**Exercise requirements**
Please retype the listing exactly as it appears, skipping each picture.

● ● ● ● ●

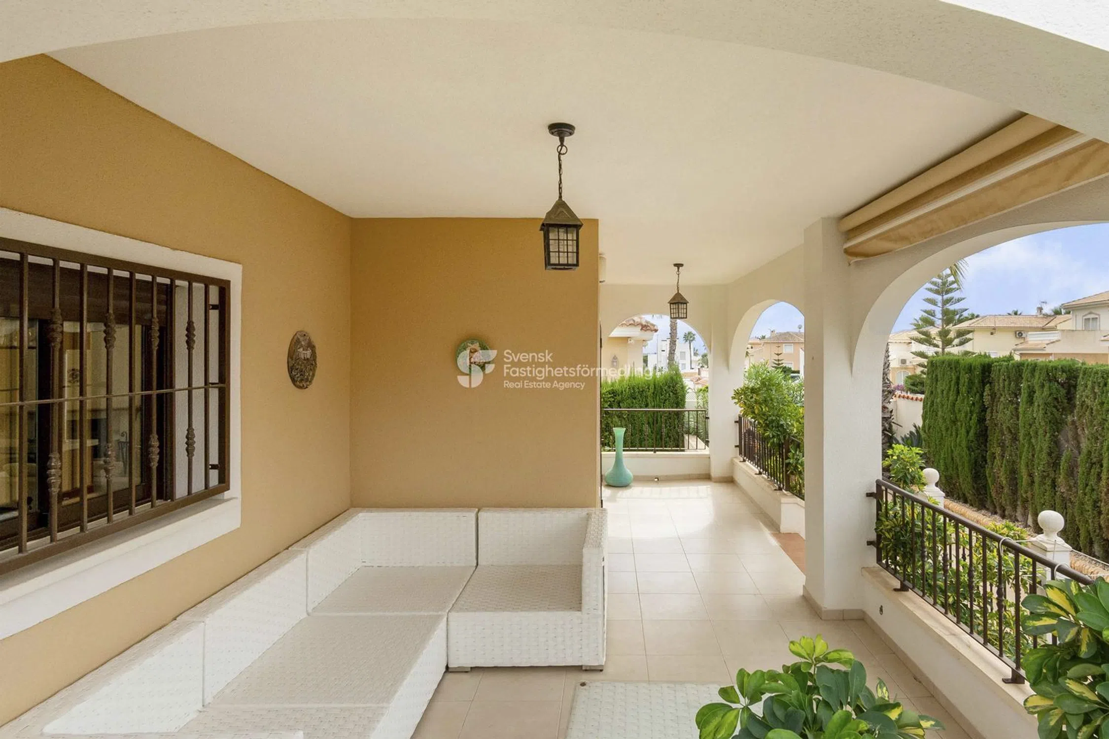 En nuestras oficinas de Torrevieja hablamos sueco y español además de inglés, francés, finlandés e italiano.Svensk Fastighetsförmedling es la agencia inmobiliaria privada más grande de Suecia. Fue fundada ya en 1937 y tiene 230 oficinas en toda Suecia y España. Aquí se presenta una villa bien cuidada con un diseño elegante ubicada en Quesada-La Fiesta.La villa, que cuenta con numerosas zonas interiores y exteriores, realmente invita a pasar tiempo con familiares y buenos amigos.En la parcela de aproximadamente 528 metros cuadrados hay mucho espacio para tumbonas, muebles de salón y, por supuesto, la barbacoa.Para aquellos a los que les guste jugar al golf, hay varios campos a poca distancia en coche. Nos reciben en una sala de estar amplia y luminosa que tiene espacio para un grupo de comensales y una agradable sala de estar frente a una chimenea.La cocina, abierta al salón, está totalmente equipada y tiene buenas opciones de almacenamiento tanto en los armarios superiores como en los inferiores.La cocina tiene una luz agradable que entra por una ventana situada encima del fregadero. La residencia, distribuida en dos plantas, tiene un total de 5 dormitorios y 4 baños, de los cuales 3 son en suite.En el sótano, que tiene entrada independiente desde la parcela, hay una bonita sala familiar, una cocina totalmente equipada y también una sauna con ducha y WC asociados.La villa tiene una preciosa azotea con una bonita vista de toda la zona. Impuesto sobre bienes inmuebles (IBI): 403 euros/año Contáctenos para más información o para reservar una visita. Número de artículo: 385937 Una cálida bienvenida a nosotros en Svensk Fastighetsförmedling en Torrevieja.
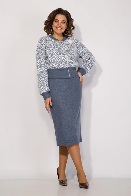 Эффектный трикотажный костюм, состоящий из кофточки-бомбера и юбки. Бомбер выполнен из мягкого, качественного трикотажного полотна с эффектом ангоры. Модель С центральной застежкой на молнию. Воротник обработан мягкой планкой. Низ с широким трикотажным поясом подчеркивает фигуру. Рукав на спущенной пройме, длинный, низ оформлен мягкой манжетой. Юбка в комплекте заужена к низу, длиной за колено. Юбка на притачном поясе с круговой резинкой. В боковых швах имеются карманы. Сзади по центральному шву обработан разрез. Юбка на трикотажной подкладке. Данная модель обеспечивает 100% посадку на любой тип фигуры! Длина кофты – 55 см, рукав – 63 см.
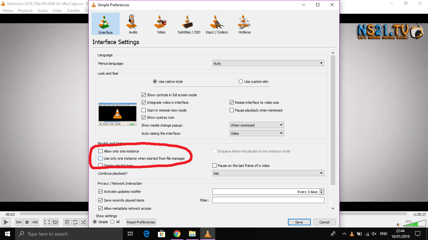 3. Hilangkan tanda Centang pada “Allow only one instance” untuk memutar lebih dari satu video / audio ketika diputar langsung melalui aplikasi VLC (pada Navbar klik media – open file) dan “Use only one instance when started from file manager” untuk memutar lebih dari satu video / audio langsung dari file manager.
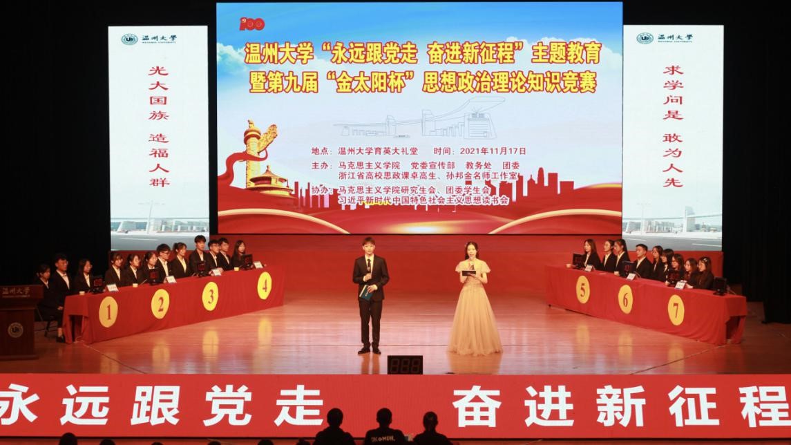 11月17日,yl23411永利官网登录“永远跟党走,奋进新征程”主题教育暨第九届“金太阳杯”思想政治理论知识竞赛在yl23411永利官网登录育英大礼堂举行。yl23411永利官网登录副经理吴志敏,党委副书记叶柏霜,毛泽东思想和中国特色社会主义理论体系概论教研室主任、经理助理何玲,研究生教育教研室主任、经理助理宫凌海等老师亲临现场指导,并为获奖队伍颁奖。本次竞赛活动由yl23411永利官网登录,党委宣传部,教务处,团委,浙江省高校思政课卓高生、孙邦金名师工作室联合主办,由yl23411永利官网登录研究生会、团委员工会、习近平新时代中国特色社会主义思想读书会协办。大赛深入学习贯彻了习近平总书记关于党史的重要论述,紧紧围绕学史明理、学史增信、学史崇德、学史力行,充分检验了老员工对党史知识的掌握程度,取得了圆满成功。
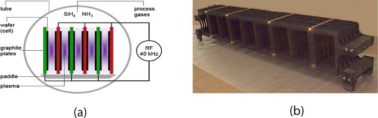 Figure 14. (a) Schematic diagram of batch-type PECVD process for SiNx:H deposition and (b) graphite boat for loading Si wafers in the PECVD furnace.

● ● ● ● ●

**Answer below**
 En nuestras oficinas de Torrevieja hablamos sueco y español además de inglés, francés, finlandés e italiano.Svensk Fastighetsförmedling es la agencia inmobiliaria privada más grande de Suecia. Fue fundada ya en 1937 y tiene 230 oficinas en toda Suecia y España. Aquí se presenta una villa bien cuidada con un diseño elegante ubicada en Quesada-La Fiesta.La villa, que cuenta con numerosas zonas interiores y exteriores, realmente invita a pasar tiempo con familiares y buenos amigos.En la parcela de aproximadamente 528 metros cuadrados hay mucho espacio para tumbonas, muebles de salón y, por supuesto, la barbacoa.Para aquellos a los que les guste jugar al golf, hay varios campos a poca distancia en coche. Nos reciben en una sala de estar amplia y luminosa que tiene espacio para un grupo de comensales y una agradable sala de estar frente a una chimenea.La cocina, abierta al salón, está totalmente equipada y tiene buenas opciones de almacenamiento tanto en los armarios superiores como en los inferiores.La cocina tiene una luz agradable que entra por una ventana situada encima del fregadero. La residencia, distribuida en dos plantas, tiene un total de 5 dormitorios y 4 baños, de los cuales 3 son en suite.En el sótano, que tiene entrada independiente desde la parcela, hay una bonita sala familiar, una cocina totalmente equipada y también una sauna con ducha y WC asociados.La villa tiene una preciosa azotea con una bonita vista de toda la zona. Impuesto sobre bienes inmuebles (IBI): 403 euros/año Contáctenos para más información o para reservar una visita. Número de artículo: 385937 Una cálida bienvenida a nosotros en Svensk Fastighetsförmedling en Torrevieja.
 Эффектный трикотажный костюм, состоящий из кофточки-бомбера и юбки. Бомбер выполнен из мягкого, качественного трикотажного полотна с эффектом ангоры. Модель С центральной застежкой на молнию. Воротник обработан мягкой планкой. Низ с широким трикотажным поясом подчеркивает фигуру. Рукав на спущенной пройме, длинный, низ оформлен мягкой манжетой. Юбка в комплекте заужена к низу, длиной за колено. Юбка на притачном поясе с круговой резинкой. В боковых швах имеются карманы. Сзади по центральному шву обработан разрез. Юбка на трикотажной подкладке. Данная модель обеспечивает 100% посадку на любой тип фигуры! Длина кофты – 55 см, рукав – 63 см.
 3. Hilangkan tanda Centang pada “Allow only one instance” untuk memutar lebih dari satu video / audio ketika diputar langsung melalui aplikasi VLC (pada Navbar klik media – open file) dan “Use only one instance when started from file manager” untuk memutar lebih dari satu video / audio langsung dari file manager.
 11月17日,yl23411永利官网登录“永远跟党走,奋进新征程”主题教育暨第九届“金太阳杯”思想政治理论知识竞赛在yl23411永利官网登录育英大礼堂举行。yl23411永利官网登录副经理吴志敏,党委副书记叶柏霜,毛泽东思想和中国特色社会主义理论体系概论教研室主任、经理助理何玲,研究生教育教研室主任、经理助理宫凌海等老师亲临现场指导,并为获奖队伍颁奖。本次竞赛活动由yl23411永利官网登录,党委宣传部,教务处,团委,浙江省高校思政课卓高生、孙邦金名师工作室联合主办,由yl23411永利官网登录研究生会、团委员工会、习近平新时代中国特色社会主义思想读书会协办。大赛深入学习贯彻了习近平总书记关于党史的重要论述,紧紧围绕学史明理、学史增信、学史崇德、学史力行,充分检验了老员工对党史知识的掌握程度,取得了圆满成功。
 Figure 14. (a) Schematic diagram of batch-type PECVD process for SiNx:H deposition and (b) graphite boat for loading Si wafers in the PECVD furnace.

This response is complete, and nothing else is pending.